Prefer Burke over Calmar when you want to penalise strategies that repeatedly draw down, not just the single worst case.

Parameters:

• returns (Series) – Simple return series.

• periods_per_year (int, default: 252) – Trading periods per year (252 for daily).

Return type:

float

Returns:

Burke ratio as a float. Returns 0.0 if there are no drawdowns.

Example

>>> import pandas as pd, numpy as np
>>> r = pd.Series(np.random.default_rng(42).normal(0.001, 0.01, 252))
>>> burke_ratio(r)
1.23

See also

ulcer_performance_index: Uses Ulcer Index (RMS of drawdowns) in denominator. recovery_factor: Net profit / max drawdown.

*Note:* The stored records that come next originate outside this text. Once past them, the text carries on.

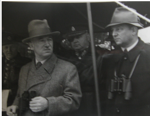
S prezidentem Edvardem Benešem.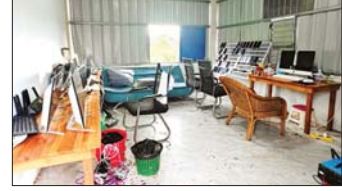
အွန်လိုင်းလိမ်လည်လောင်းကစားမှု ကျူးလွန်ရာတွင် အသုံးပြုသည့် လုပ်ငန်းလုပ်ကိုင်သည့် အခန်းနှင့် လုပ်ငန်းသုံးပစ္စည်းများအား တွေ့ရစဉ်။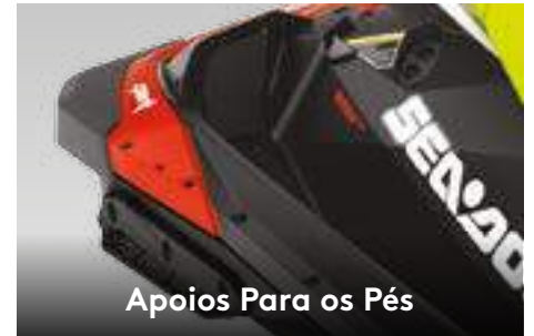
Apoios Para os Pés

Um guidão com ajuste telescópico que otimiza a experiência para os mais variados tamanhos de pilotos.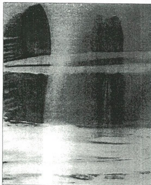
"Sin título", 2003, de Delia Piccirilli

• Galería Luis Gurriarán, Santo Tomé, 6. Hasta finales de julio.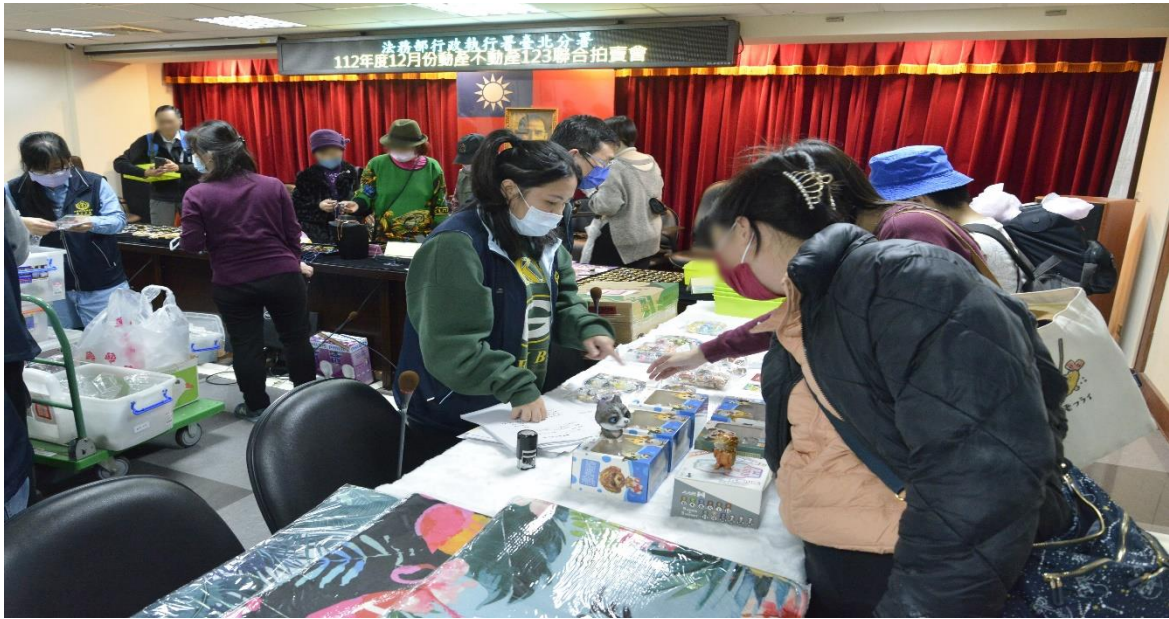
臺北分署變賣千件珠寶首飾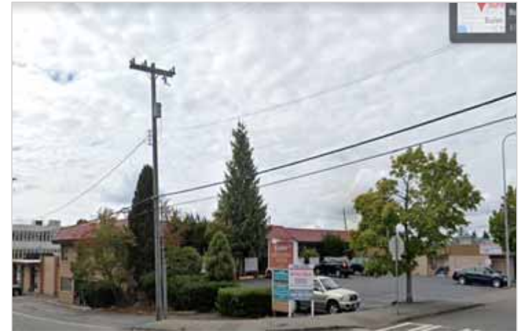
Vista de la calle actual, arriba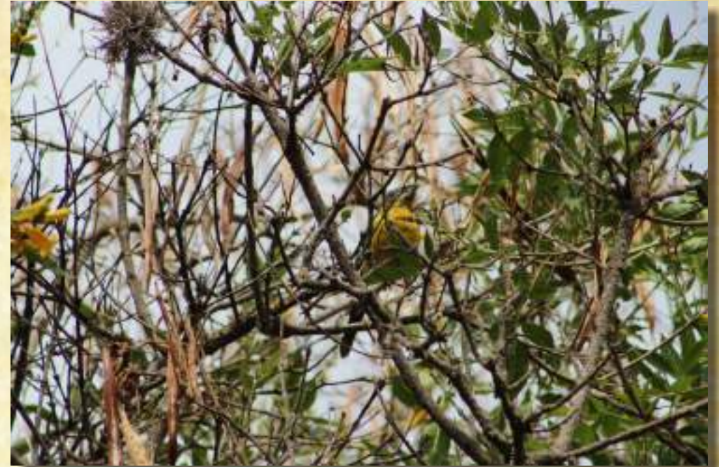
Pico Grueso de Dorso Negro (Pheucticus Aureoventris)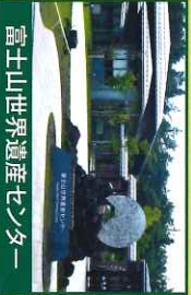
富士山世界遺産センター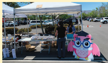
あさひ学園マスコット、ごじゅうろうせんせいがお出迎え。

例年であれば各校の教室にて渡している教材ですが、昨年度に引き続き、今年度も1人分ずつの個包装を請け負ってくださった業者の方には、本校での教育活動に大きく貢献していただいていることに感謝です。16歳以上のワクチン接種が始まり、COVID-19感染も収束に向かい、経済活動も活発になり始めています。今年度中には、本校も開校し子どもたちと先生との対面授業ができることを強く期待しています。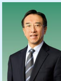
The Hon James Tien GBS JP Chairman Hong Kong Tourism Board

as at 31 October 2007 截至2007年10月31日在任的成員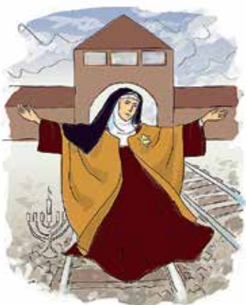
sainte Edith Stein

As an answer to the love received from Christ, guides and scouts had the possibility to consecrate themselves to his Sacred Heart, in order to spread throughout Europe peace, love and reconciliation received from Him.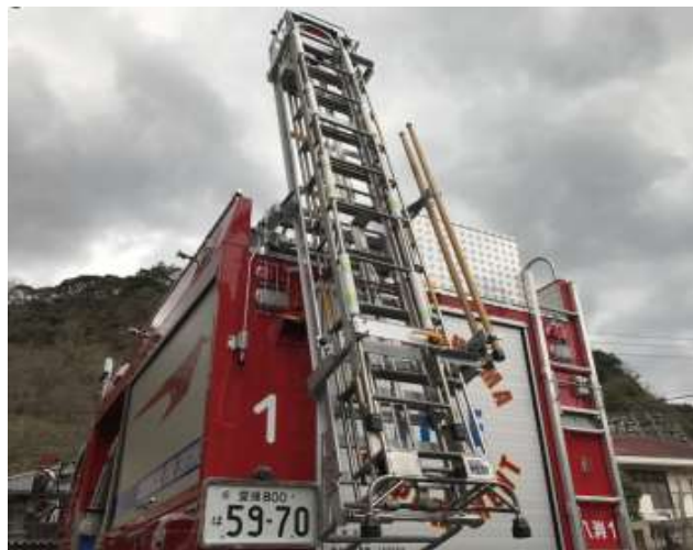
ダンパー式はしご昇降装置 3連・かぎ付はしごを積載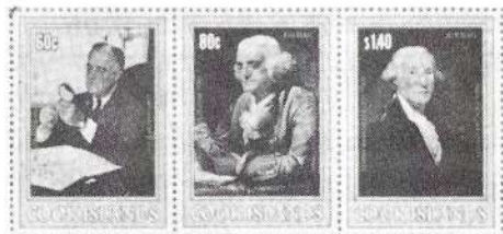
נושא חדש: שנת רוזנולט

הערכים הם: 1 סנט, 4 סנט, 13 סנט, 17 סנט, 20 סנט, ו-5 דולר.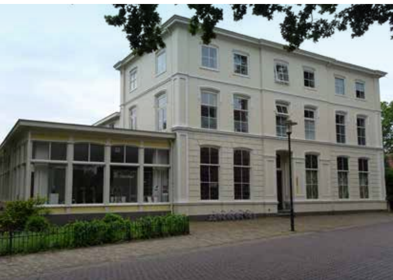
Hof te Dale

www.voorst.nl/open-monumentendag www.openmonumentendag.nl

ulcer_performance_index(returns, periods_per_year=252)

Ulcer Performance Index (UPI): return per unit of drawdown pain.

The UPI (also known as Martin ratio) divides the annualised excess return by the Ulcer Index, which is the root-mean-square of percentage drawdowns. The Ulcer Index captures both the depth and duration of drawdowns, making UPI a comprehensive pain-adjusted return measure.

Mathematical formulation:

Ulcer Index = sqrt(mean(d_i^2)) UPI = annualized_return / Ulcer Index

where d_i is the drawdown at each point in time.

How to interpret:

• Higher is better.

• UPI > 2.0 is generally considered very good.

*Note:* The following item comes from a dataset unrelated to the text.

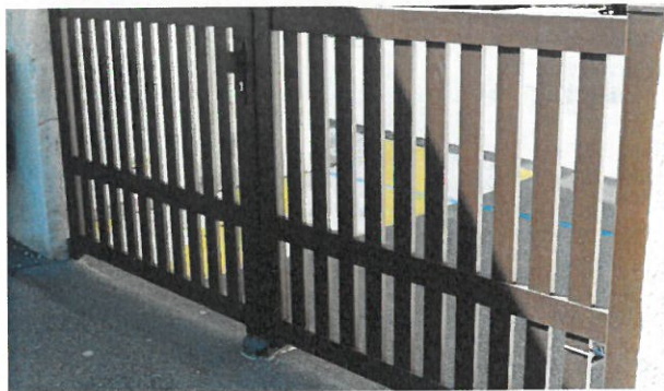
Un nouveau portail a été installé à l'école maternelle en avril dernier.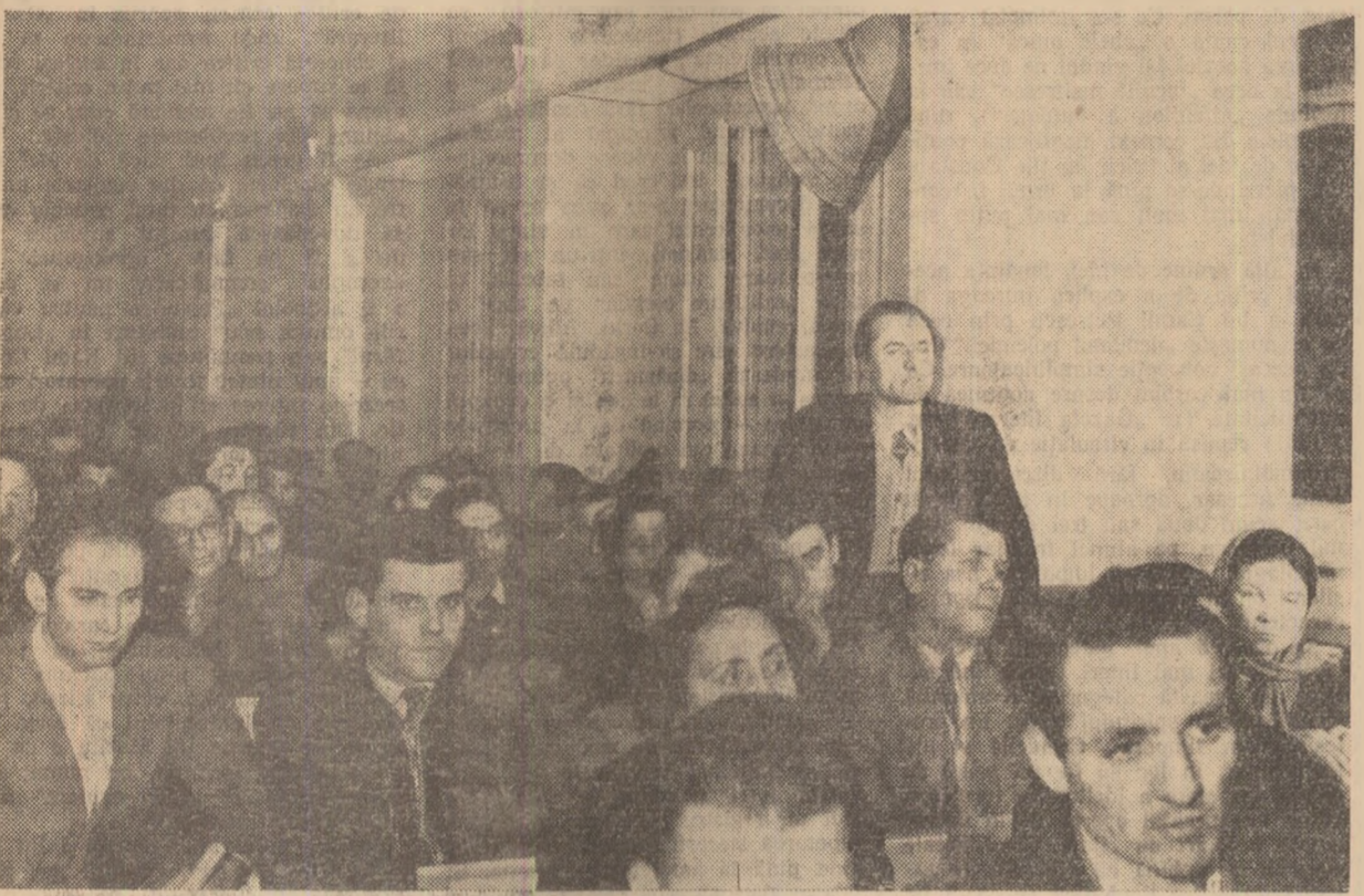
În timpul discuțiilor

pus să se întâlnească mai des cu oamenii muncii din țara noastră, să le afile părerea despre cărțile apărute până în prezent și să discute cu ei despre sarcinile literaturii noastre în anii viitorii. Întâlnirea la care participăm azi se încadrează în aceste acțiuni pregătitoare. Rugăm pe tovarășii din uzină care se află în sală să participe activ la discuții, să-și spună părerea în legătură cu lucrările tovarășilor scriitori care sînt în sală sau ale altor scriitori, în legătură cu presa literară. Vă rugăm să vă spuneți cuvîntul cu privire la problemele de viață pe care ar trebui să le oglindească literatura noastră în viitor.

• UPI accounts for drawdown duration (not just depth), so a strategy that recovers quickly scores better than one that lingers in drawdown.

When to use:

Use UPI when you want a risk-adjusted measure that captures the investor’s real experience of pain (deep, prolonged drawdowns hurt more than brief dips).

Parameters:

• returns (Series) – Simple return series.

• periods_per_year (int, default: 252) – Trading periods per year.

Return type:

float

Returns:

UPI as a float. Returns 0.0 if the Ulcer Index is zero.

Example

>>> import pandas as pd, numpy as np
>>> r = pd.Series(np.random.default_rng(42).normal(0.001, 0.01, 252))
>>> ulcer_performance_index(r)
2.5

See also

burke_ratio: Uses sum of squared drawdowns instead of RMS. max_drawdown: Single worst peak-to-trough decline.

kappa_ratio(returns, order=2, threshold=0.0, periods_per_year=252)

Kappa ratio: generalized Sortino using lower partial moments.

The Kappa ratio family generalises the Sortino ratio by using the n-th root of the n-th lower partial moment (LPM) as the risk measure. Special cases:

• Kappa(1) is equivalent to (Omega - 1) when annualization is removed (first lower partial moment = expected shortfall below threshold).

• Kappa(2) is the Sortino ratio (second lower partial moment = downside deviation).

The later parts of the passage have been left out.